By CHARLES REYNOLDS
Halifax Media Group
Brent and Becky’s Bulbs is a catalog company, “Garden Bulbs for the South” is a book by Scott Ogden and “Bulbs Are Great — If You Choose Wisely” is a chapter in Hamilton Mason’s “Your Garden in the South.” What do they have in common beyond the obvious? All deal not only with bulbs, but also with tubers, tuberous roots, corms and rhizomes.
But while the word “bulb” is simply shorthand for advanced gardeners, it's a hazy catchall for average folks who think all plants with swollen subterranean structures are bulbs.
A true bulb is actually an underground stem enveloped by fleshy, starch-storing leaves that provide energy for the embryonic plant that will eventually emerge. The bulb’s bottom — its basal plate — serves as the foundation for the entire plant and also generates roots. In addition, the basal plate produces offsets called “bulblets.” Among true bulb plants for Central Florida are Easter lily, garden amaryllis, blood lily and crinums such as “Queen Emma.”
Tubers are also modified underground stems, but they lack basal plates, produce roots from a larger area and frequently form numerous growing points called “eyes.” Familiar tubers include potatoes, sweet potatoes and caladiums.

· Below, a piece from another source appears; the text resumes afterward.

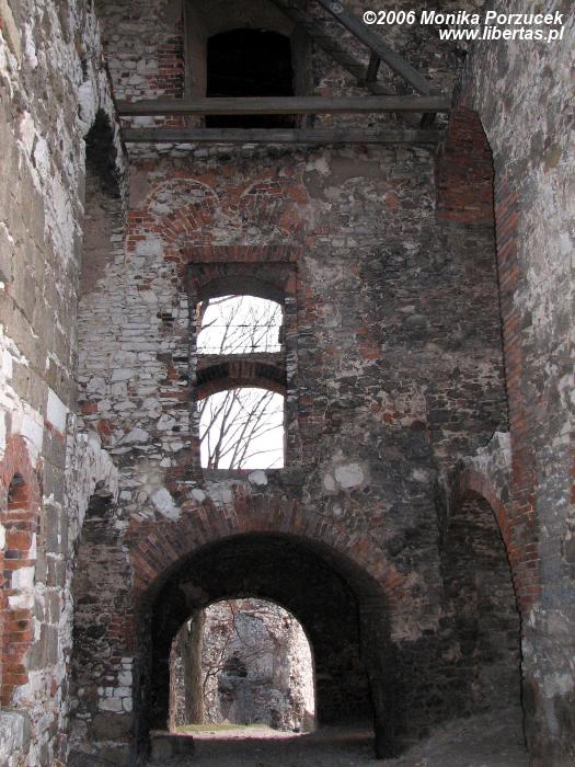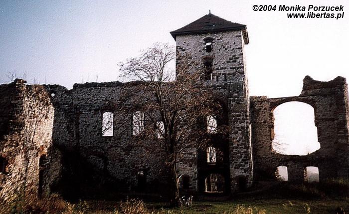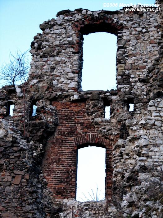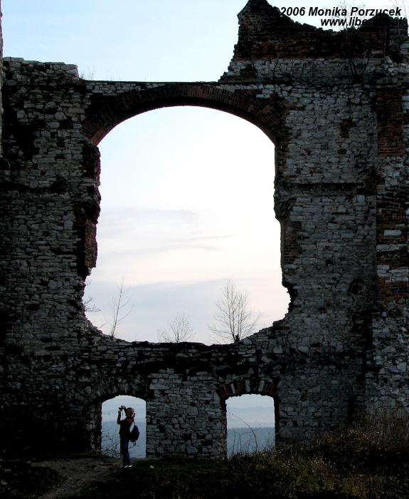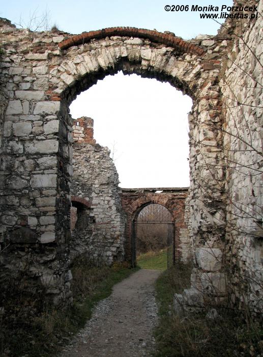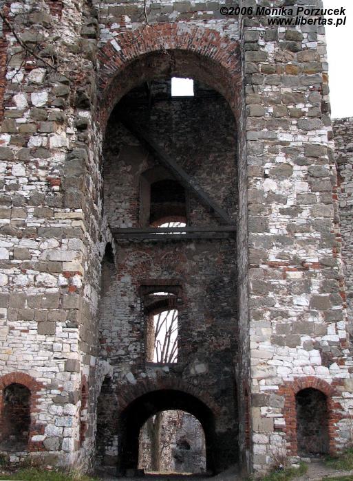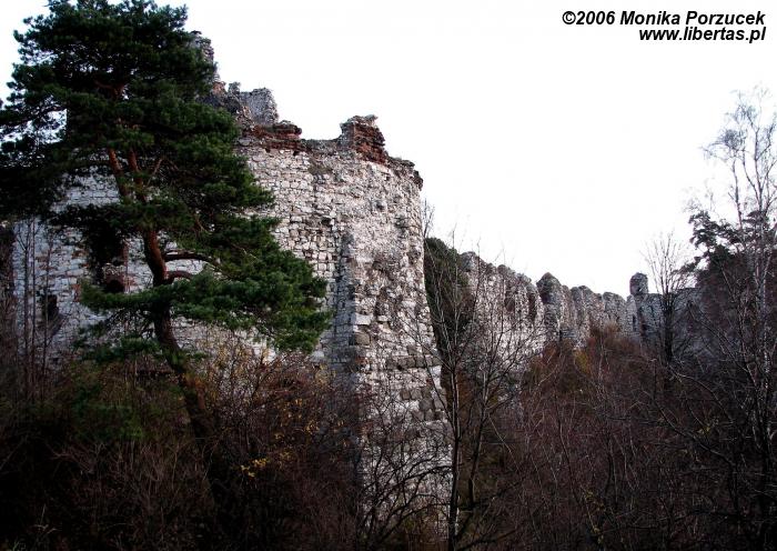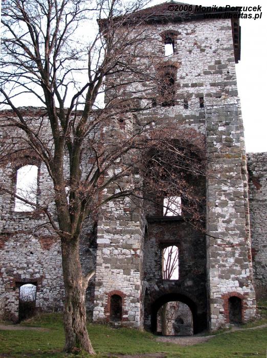 Rozległe ruiny zamku pozwalają nam wyobrazić sobie jak wspaniały i wielki musiał być w czasach swojej świetności. Twierdza otoczona była murem, posiadała trzy okrągłe wieże i jedną kwadratową, broniącą wjazdu. Zamek podobno konkurował z Wawelem. Przed bramą znajduje się fosa, przez którą przerzucano zwodzony most. Wejście prowadzi przez barbakan a następnie oryginalną, długą na 60 metrów sień. Do wewnętrznych zakamarków wprowadza nas przejście pod wysoką wieżą zamkową. Jeśli podniesiemy głowę do góry zobaczymy wysoko zawieszone pozostałości schodów - pewnie kiedyś pozwalały wejść na wieżę. We wschodnim skrzydle zamku mieściły się niegdyś apartamenty reprezentacyjne a położona w północno-wschodnim narożniku wieża nazywana jest „Dorotką”, wzięła ona swoją nazwę podobno od imienia więzionej w niej niewiasty.

Plenty of other plants have tuberous roots that, unlike tubers, are true roots that form at the base of a stem. But compared to typical roots, tuberous roots do double duty by serving as major nutrient-storage systems for plants such as daylily and dahlia.
Returning to basal plates and modified stems brings us to corms, which differ from bulbs in that each is a single mass, not composed of scales. Roots are generated by a cormous plant’s basal plate, as are small growth buds called cormels. The corm most familiar to local gardeners is gladiolus.

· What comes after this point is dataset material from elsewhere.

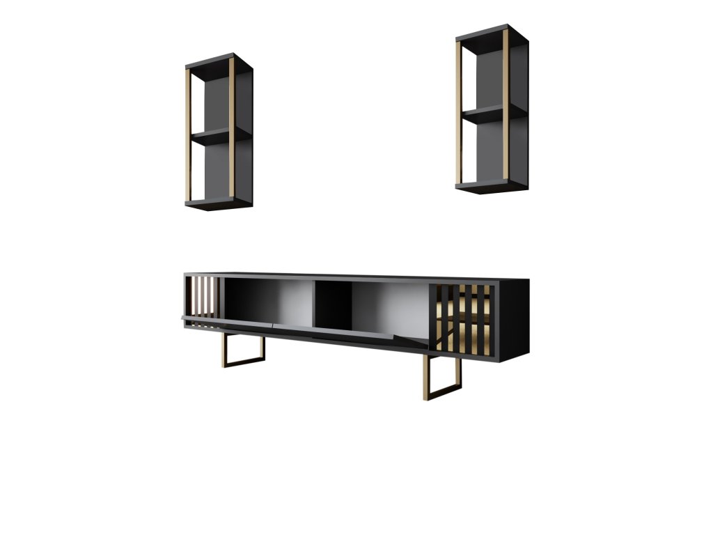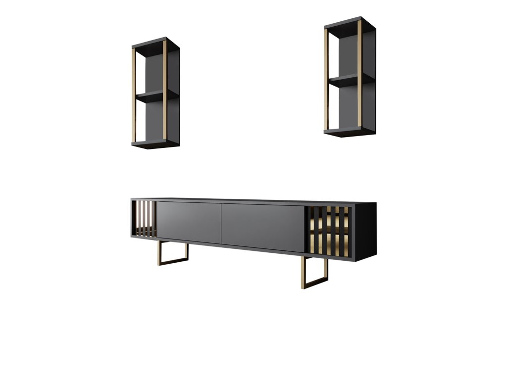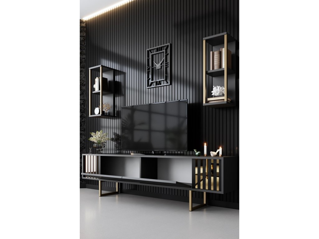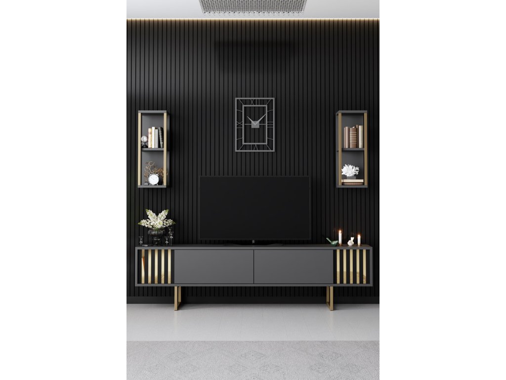 Gold Line luxusní obývací stěna, antracit / černá

Finally — sort of — there are rhizomes, which are fleshy, often elongated stems that grow mostly underground. Roots develop along a rhizome’s underside, while eyes, or growth buds, form at various points along its upper surface. Many kinds of plants including iris, false blue ginger, calla, lady palm and bamboo are rhizomatous.
If you’re wondering about stolons, they’re similar to rhizomes but grow along the soil’s surface, rooting here and there and forming new plants at those points. St. Augustine grasses spread by stolons.
Charles Reynolds, a Winter Haven resident, has an associate's degree in horticulture and is a member of the Garden Writers' Association of America.